Sin embargo, la jurista asegura que “eso es muy parcializado” y entrega otra alerta:

“O sea, se puede contratar una tercera empresa para que esta contrate a los bots, por lo que igual hay maneras de saltarse la norma. Por esto, yo creo que efectivamente no se está fiscalizando del todo el tema de las redes sociales, porque es muy difícil”.

Al respecto, desde el Servel profundizan en el alcance de sus competencias ante el mágico mundo de Twitter, Instagram, Facebook y otros. “(El organismo) podrá requerir información a los proveedores de medios digitales respecto a la identidad y los montos involucrados de todo aquel que contrate propaganda electoral”.

“En uso de esa facultad, el plan de fiscalización contempla monitorear las plataformas digitales a fin de constatar adelantamientos en la contratación y difusión de propaganda electoral. De constatarse eventuales infracciones, los antecedentes son derivados a la Unidad de Procedimientos Administrativos Sancionatorios”, agregan a The Clinic.

5) Fiscalización a proveedores y tardanza en la difusión de denuncias: las dificultades del Servel

Respecto de las dificultades del Servel para fiscalizar una campaña tan masiva como lo es el Plebiscito de Salida, Juan Pablo Bravo afirma que “a pesar de que en esta oportunidad no habrá financiamiento público, a mi juicio la mayor dificultad que tiene el Servel para fiscalizar las campañas es el reembolso”.

¿El nudo para inspeccionar los reembolsos? Según Bravo, “la ley de Gasto Electoral permite a los candidatos y partidos solicitar al Estado el reembolso de los gastos en que hubieren incurrido durante la campaña, mediante la presentación de facturas o boletas pendientes de pago. El problema es que estos reembolsos se hacen directamente en las cuentas de los candidatos y partidos y no en las de los proveedores, lo que genera una enorme oportunidad de malversación de fondos públicos, ya que el Servel no realiza una mayor fiscalización en este punto”, asevera el abogado.

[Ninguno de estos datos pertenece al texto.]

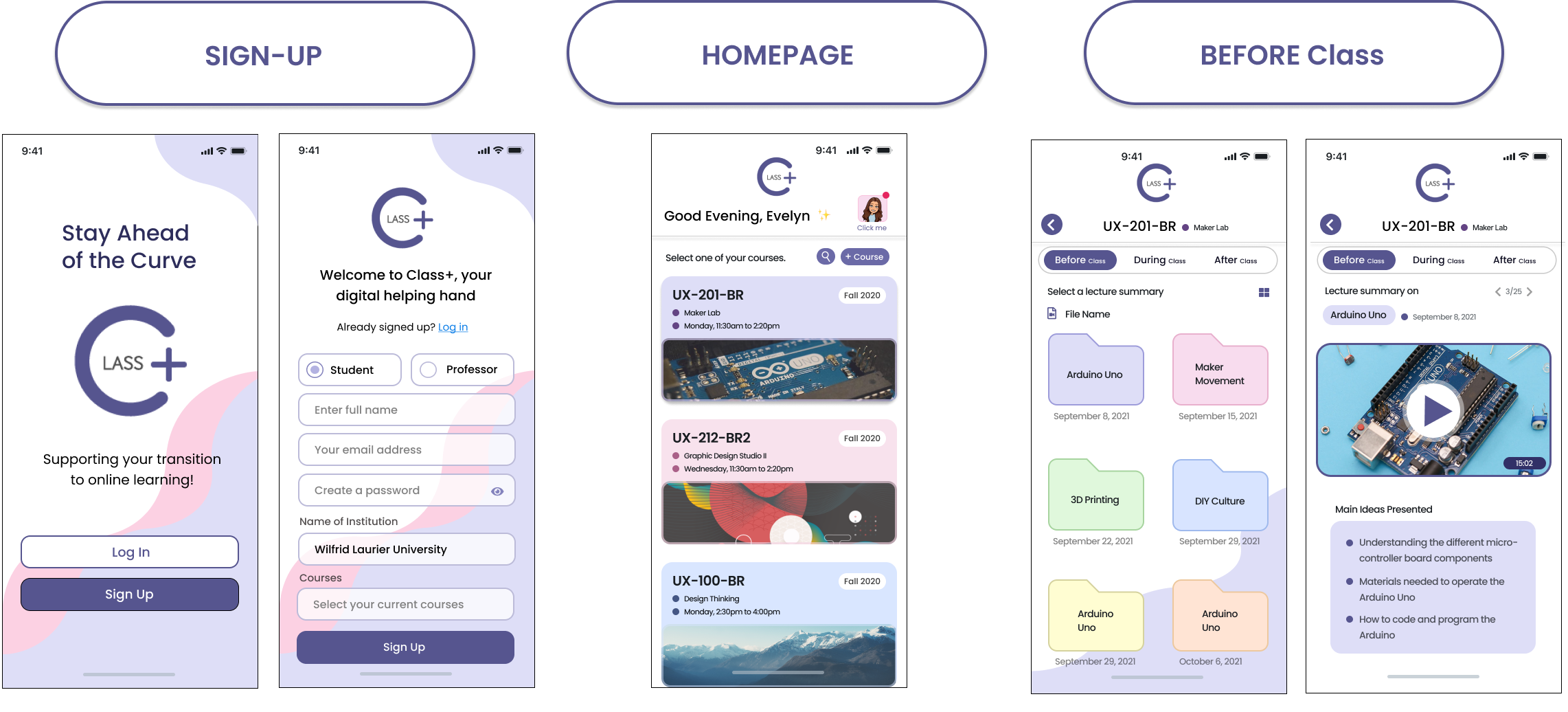 Through this design thinking journey I present to you the final mobile application, Class+:

En tanto, María Jaraquemada apunta a la infraestructura del Servel para llevar a cabo la fiscalización. “En los años electorales, el Servel autoriza una contratación extraordinaria de personas que en el fondo trabajan con temas de campaña electoral y todo el tema del padrón electoral. Eso existe desde siempre, pero creo que habría que entregarle los recursos para que tuviera la capacidad de que parte de esas contrataciones sean personas que estén fiscalizando”, sugiere.

La directora de Chile Transparente también hace memoria. “En 2016 se estableció la posibilidad de denuncia pública, lo que convierte a la ciudadanía en co-fiscalizador”, pero agrega una crítica: “El Servel tiene una plataforma de denuncia, pero la suben el mismo día que comienza el periodo legal de campaña, lo que complica hacer denuncias previas”.

Desde el organismo electoral respondieron a The Clinic esta inquietud, remitiéndose a que la plataforma “está disponible siempre. El portal de denuncias ciudadanas está permanente disponible en la página web del Servel en la pestaña ‘Trámites’ o en el link https://denuncias.servel.cl/inicio.xhtml”.

Sobre las herramientas adicionales que requeriría el organismo para fiscalizar, el organismo asegura que “es una materia en permanente análisis, y en caso de requerir herramientas de fiscalización son comunicadas a los órganos pertinentes, en la oportunidad que corresponda”.